[mercury-users] Loop optimisation and predicate specialisation and stuff.

Andrew Bromage bromage at cs.mu.oz.au
Thu Dec 18 01:05:54 AEDT 1997


G'day all.

Ralph Becket wrote:

> A couple of queries regarding optimisation in Mercury 0.7.3:
> 
> 1 . Say I have a tail recursive predicate which calculates some
>     locally constant value in its body, e.g.
> 
> 	:- pred foo(int, int, list(int), int).
> 	:- mode foo(in,  in,  in,        out) is det.
> 
> 	foo(_, [], C, C).
> 	foo(A, [B | Bs], C0, C) :-
> 		X = f(A),		% f/1 is a det function.
> 		C1 = g(X, B, C0),
> 		foo(A, Bs, C1, C).
> 
>     Will the compiler move the calculation of X outside the loop body?
>     If not, the programmer has to do this by hand, probably by
>     introducing a new predicate.

As Tyson noted, the answer is "not yet".  In principle, it's just
a SMOP, however there is a semantic "gotcha".

Suppose:

	f(A) = 100/A.

And we query:

	?- foo(0, [], 42, X).

Without the optimisation, this call succeeds with X bound to 42.
With the optimisation, there is a division by zero.

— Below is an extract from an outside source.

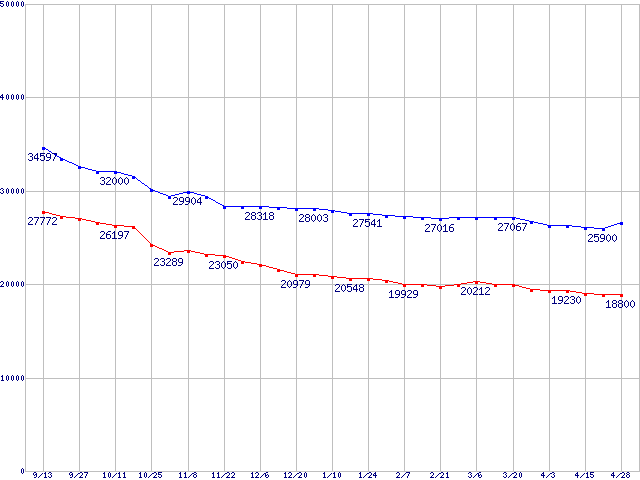 | [↑前グラフ]: | DiamondMax Plus 8 (7200rpm,2MB,UltraATA/133,FDB)の最安値推移 |

In this case, we could simply note that f/1 will be called if the
second argument is a non-empty list and only perform the optimisation
then.  Now consider this related function:

	:- pred foo(int, list(int), int, int).
	:- mode foo(in, in, in, out) is semidet.

	foo(_, [], C, C).
	foo(A, [B | Bs], C0, C) :-
		p(B),			% p/1 is semidet
		C1 = f(A),		% f/1 is a det function.
		C2 = g(B, C1),
		foo(A, Bs, C2, C).

We'd like to hoist the call to f/1 out of the loop here, too, but
now whether or not this optimisation is valid depends on the values
in the list (or at least the _first_ value in the list).

The problem occurs when the code to be hoisted out of the loop can
call error/1, raise an exception (same as error/1) or infinitely loop.

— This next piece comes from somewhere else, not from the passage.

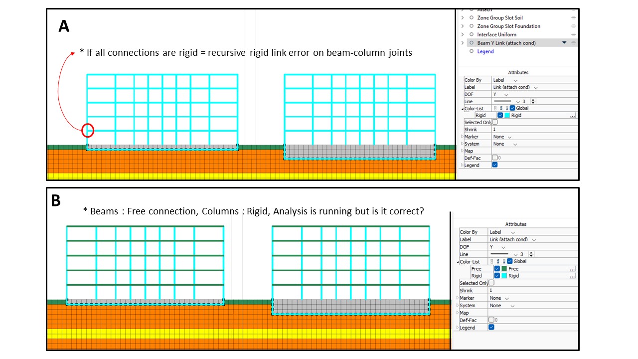 I am trying to model a 5-story building with 9 column axes in FLAC2D. For this, I created all structural members (columns, beams, and slabs) using the structure beam create by-line command. After completing the geometry, I attempted to connect the nodes with structure node join. However, I received the error message “recursive rigid link exist”. To solve this, I tried using the range-target option and manually created rigid connections for the nodes one by one. This seemed to work for some parts, but when I check the label > attach conditions, I still find several nodes that are shown as free or no-link. The analysis seems to run, but I’m observing unexpected stress values in the zones beneath the building, which I suspect is due to incorrect or incomplete node associations.

What you have to do is either:

	- Prove that the hoisted code doesn't do any of these things
	  (see our recent paper on termination analysis), or

	- Defer the optimisation until you're irrevocably committed
	  to executing the common code.  This has the potential for
	  code explosion.  (Anyone know how bad it gets in practice
	  if at all?)  In the case of the original foo/4 above,
	  the transformed code might look something like this:

		foo(_, [], C, C).
		foo(A, [B | Bs], C0, C) :-
			X = f(A),
			C1 = g(X, B, C0),
			foo_2(X, A, Bs, C1, C).

		foo_2(_, _, [], C, C).
		foo_2(X, A, [B | Bs], C0, C) :-
			C1 = g(X, B, C0),
			foo_2(X, A, Bs, C1, C).

	  (For the purposes of illustration, I left unused argument
	  eliminiation turned off.)

> 2 . Some algorithms do require one to pass around a fair amount of
>     state (e.g. a dozen variables).  If several predicates are
>     required to implement the algorithm then this can get rather
>     messy.  The answer is usually to box 'em up in a functor and use
>     various projection and updating functions:

Please note that ML/Haskell-style record syntax is on the "to do" list,
but not very close to the top for lots of reasons.  Perhaps the two
most important of them are:

	- It's not a very interesting problem to solve, so getting
	  people (and/or funding) is difficult.

	- It requires the sort of syntax hacking which we're reluctant
	  to do while we still rely on Prolog for debugging.

>     With suitable use of inlining this can be made quite efficient (or
>     it will be when di/ui/uo modes are fully implemented [what's the
>     status of this?]).

That would be me.

The new mode checker is getting there slowly.  For those who care, in the
tests I ran today it passed all the regression tests and failed to compile
only one module in the compiler.  It won't be ready for release for a
little while yet, though.

> 3 . Beg beg beg, can we have nested unique modes soon?  Pretty please!

This is in the new mode checker too.